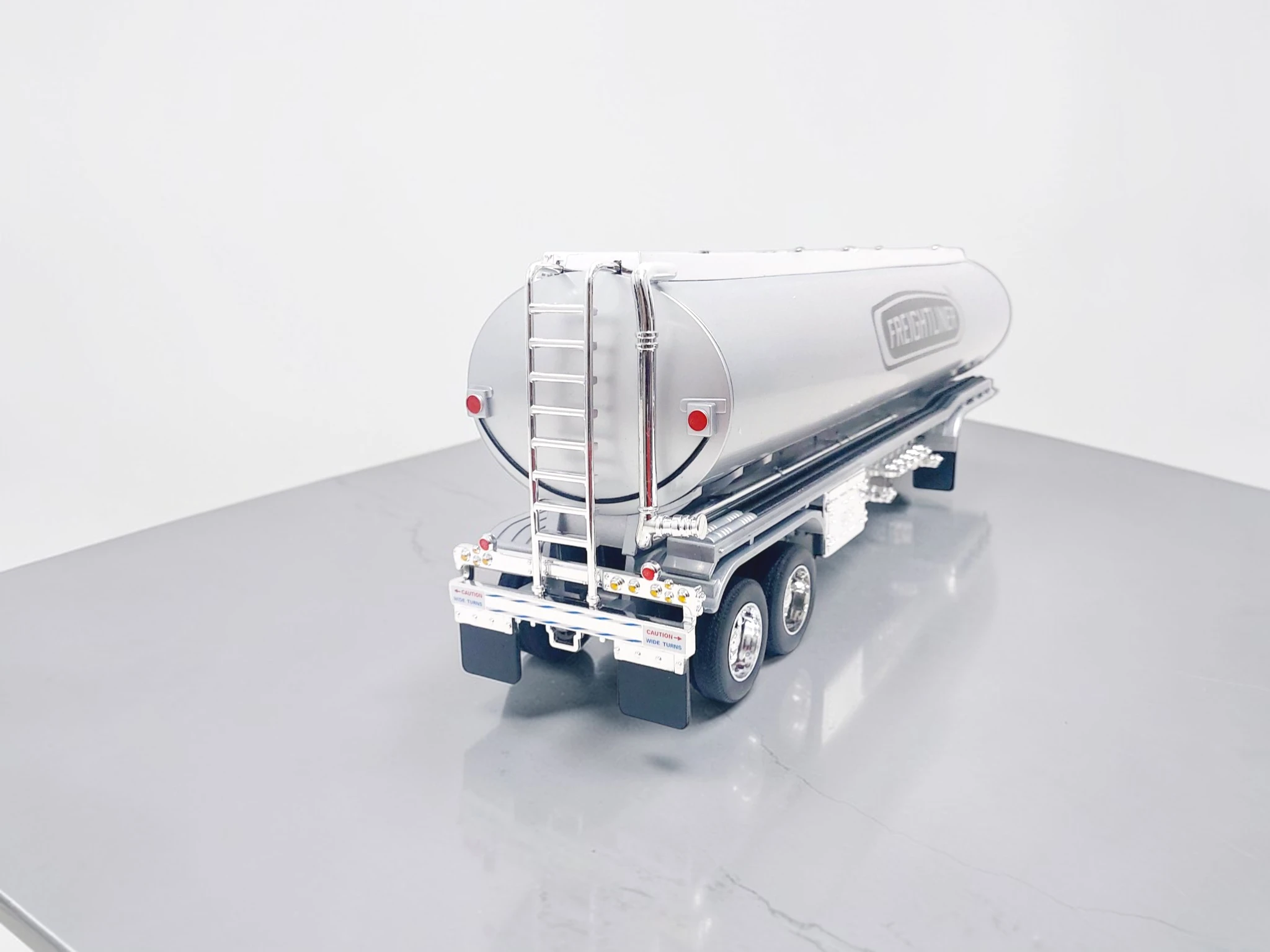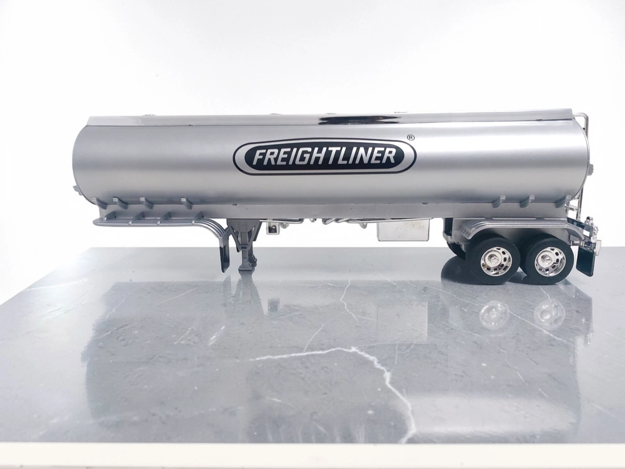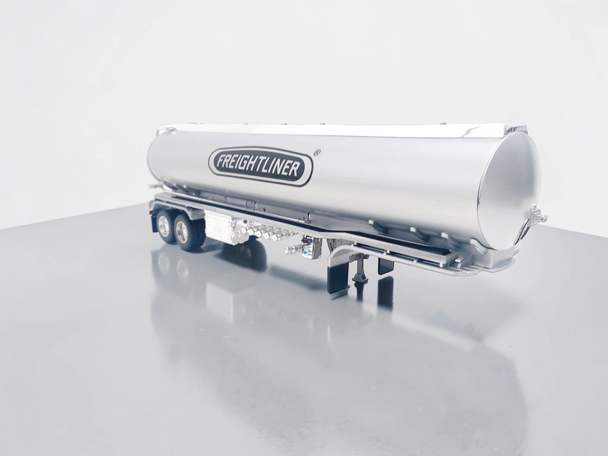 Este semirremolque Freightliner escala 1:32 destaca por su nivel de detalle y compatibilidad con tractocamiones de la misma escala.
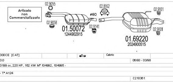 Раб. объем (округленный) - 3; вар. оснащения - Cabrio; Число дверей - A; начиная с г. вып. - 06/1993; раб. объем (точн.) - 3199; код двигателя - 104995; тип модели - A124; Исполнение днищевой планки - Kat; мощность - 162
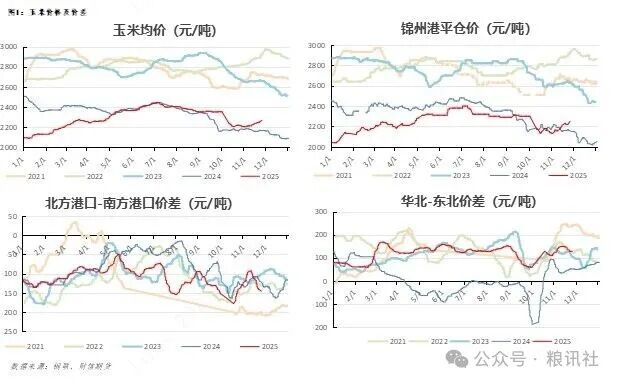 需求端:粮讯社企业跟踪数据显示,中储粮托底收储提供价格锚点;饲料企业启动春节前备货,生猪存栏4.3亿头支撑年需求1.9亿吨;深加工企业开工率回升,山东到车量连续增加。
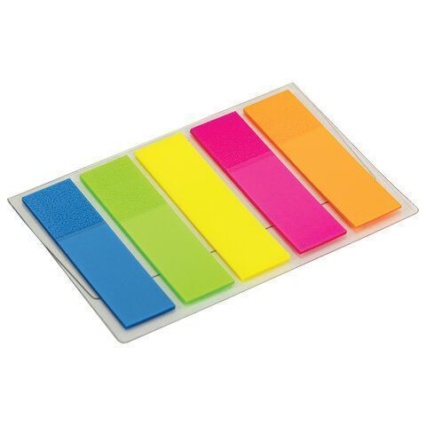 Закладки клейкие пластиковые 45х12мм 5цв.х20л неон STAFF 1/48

##############################

• **Your objective**:
Nothing but the pictures should be left out when the listing above is transcribed.

• **Reply to the task**:
 Este semirremolque Freightliner escala 1:32 destaca por su nivel de detalle y compatibilidad con tractocamiones de la misma escala.
 Раб. объем (округленный) - 3; вар. оснащения - Cabrio; Число дверей - A; начиная с г. вып. - 06/1993; раб. объем (точн.) - 3199; код двигателя - 104995; тип модели - A124; Исполнение днищевой планки - Kat; мощность - 162
 需求端:粮讯社企业跟踪数据显示,中储粮托底收储提供价格锚点;饲料企业启动春节前备货,生猪存栏4.3亿头支撑年需求1.9亿吨;深加工企业开工率回升,山东到车量连续增加。
 Закладки клейкие пластиковые 45х12мм 5цв.х20л неон STAFF 1/48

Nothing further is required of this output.